Connected to Pinecone index: cv-index


**The dimension=384 is specific to the all-MiniLM-L6-v2 model. If you use a different Sentence Transformer model, check its embedding dimension.**



## Load and Chunk Your CV



In [None]:
# Load the PDF CV
pdf_path = "data/resume.pdf"
loader = PyPDFLoader(pdf_path)
pages = loader.load()

# Combine all pages into a single text
cv_text = "".join(page.page_content for page in pages)

# Create a Document object
cv_document = Document(page_content=cv_text, metadata={"source": "cv"})

# Chunk the document
text_splitter = RecursiveCharacterTextSplitter(
    chunk_size=200,  # Adjust chunk size as needed
    chunk_overlap=50,  # Overlap to retain context
    length_function=len,
)

chunks = text_splitter.split_documents([cv_document])
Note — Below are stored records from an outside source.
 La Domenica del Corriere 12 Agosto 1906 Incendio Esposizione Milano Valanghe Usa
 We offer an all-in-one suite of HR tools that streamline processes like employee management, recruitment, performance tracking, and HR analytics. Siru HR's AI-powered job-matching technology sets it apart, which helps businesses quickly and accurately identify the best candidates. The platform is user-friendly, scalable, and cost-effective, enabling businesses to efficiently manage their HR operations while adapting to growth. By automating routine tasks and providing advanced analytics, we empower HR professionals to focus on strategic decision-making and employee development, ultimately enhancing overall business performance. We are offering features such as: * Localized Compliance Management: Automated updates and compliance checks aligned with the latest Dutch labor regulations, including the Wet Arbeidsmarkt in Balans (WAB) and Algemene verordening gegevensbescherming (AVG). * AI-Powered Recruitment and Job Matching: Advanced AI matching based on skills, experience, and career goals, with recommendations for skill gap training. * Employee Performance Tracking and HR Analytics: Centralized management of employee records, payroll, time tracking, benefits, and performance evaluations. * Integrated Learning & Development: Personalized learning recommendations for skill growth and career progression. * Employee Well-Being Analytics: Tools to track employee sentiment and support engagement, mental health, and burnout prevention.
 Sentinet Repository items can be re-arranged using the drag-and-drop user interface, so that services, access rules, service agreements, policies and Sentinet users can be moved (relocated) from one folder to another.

# Print the number of chunks and a sample
print(f"Number of chunks: {len(chunks)}")
for i, chunk in enumerate(chunks[:2]):  # Show first two chunks
    print(f"Chunk {i+1}: {chunk.page_content[:100]}... [{chunk.metadata}]")

Number of chunks: 42
Chunk 1: CLEAVESTONE ADUNGO 
cleavestone94@gmail.com   |   +254703457427   |   Nairobi Kenya       
GitHub: L... [{'source': 'cv'}]
Chunk 2: Summary      
Data Scientist transitioning from finance with 2+ years of hands-on ML, NLP, and data ... [{'source': 'cv'}]
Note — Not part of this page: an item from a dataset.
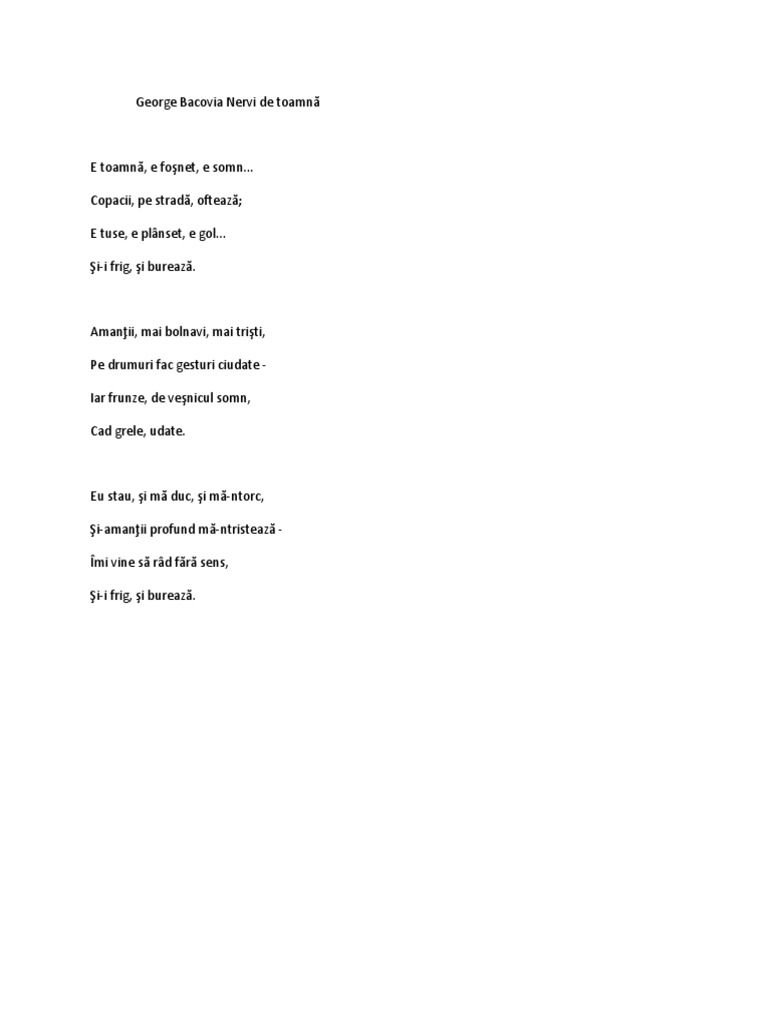 La toamna cand frunza va ingalbeni cand pentru ftizici nu se stie ce noi surprize vor veni alcoolizat batut de ploi cum n am mai fost candva tarziu in geamul tau incet cu o moneda voi suna. Eu stau şi mă duc şi mă ntorc şi amanţii profund mă ntristează. Nervi de toamnă de george bacovia e toamnă e foșnet e somn. Nervi de primăvară primăvară.
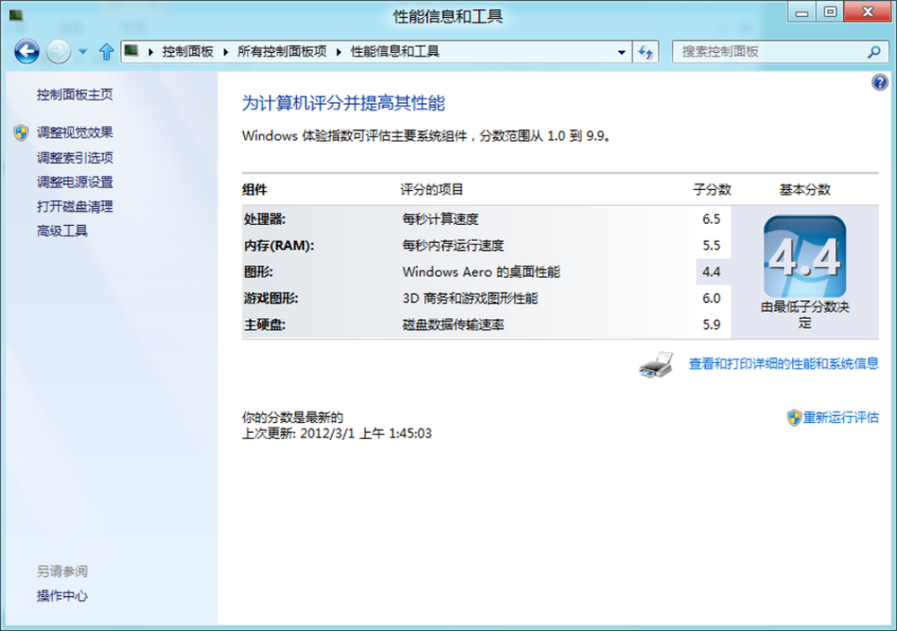 WIN8CP的系统分级功能已经将分数上线有WIN7的7.9提高到了9.9分,以面对目前硬件的飞速发展。

- **PyPDFLoader** extracts text from your PDF CV.  
- **RecursiveCharacterTextSplitter** splits the text into manageable chunks (e.g., `500` characters with `50`-character overlap).  
- Each chunk is stored as a **Document** with metadata (e.g., `source: cv`).  
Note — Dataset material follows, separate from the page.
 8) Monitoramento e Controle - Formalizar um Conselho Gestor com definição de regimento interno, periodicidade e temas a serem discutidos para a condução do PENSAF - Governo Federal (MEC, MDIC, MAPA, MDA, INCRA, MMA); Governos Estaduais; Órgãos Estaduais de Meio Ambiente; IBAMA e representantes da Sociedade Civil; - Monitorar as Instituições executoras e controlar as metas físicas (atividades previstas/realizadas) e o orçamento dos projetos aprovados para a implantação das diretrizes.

## Initialize Sentence Transformer for Embeddings

The **all-MiniLM-L6-v2** model is lightweight and performs well for most tasks. You can explore other models on Hugging Face.





In [36]:
# Load Sentence Transformer model
embedding_model = SentenceTransformer("all-MiniLM-L6-v2")

## Embed and Store Chunks in Pinecone
Embed the chunks using Sentence Transformers and store them in the Pinecone index.



In [37]:
from uuid import uuid4

uuids = [str(uuid4()) for _ in range(len(chunks))]
embeddings = [embedding_model.encode(chunk.page_content).tolist() for chunk in chunks]

vectors = [
    (
        uuids[i],
        embeddings[i],
        {
            "text": chunks[i].page_content,
            **{k: str(v) for k, v in chunks[i].metadata.items()}  # flatten metadata
        }
    )
    for i in range(len(chunks))
]

index.upsert(vectors=vectors)
print(f"Successfully stored {len(vectors)} chunks in Pinecone index '{index_name}'")


Successfully stored 42 chunks in Pinecone index 'cv-index'


- Each chunk is **embedded** using the Sentence Transformer model, converting text into a **384-dimensional vector**.  
- We generate **unique IDs** for each chunk using `uuid4`.  
- The **upsert** method stores the embeddings and metadata in **Pinecone**.  


## Query the Vector Store



In [39]:
# Define a query
query = "what are the candidates skills relevant to data science?"

# Embed the query
query_embedding = embedding_model.encode(query).tolist()

# Query Pinecone
results = index.query(
    vector=query_embedding,
    top_k=3,  # Return top 3 results
    include_metadata=True
)

# Print results
for match in results["matches"]:
    print(f"* [Score={match['score']:.3f}] {match['metadata']['text'][:100]}... [{match['metadata']}]")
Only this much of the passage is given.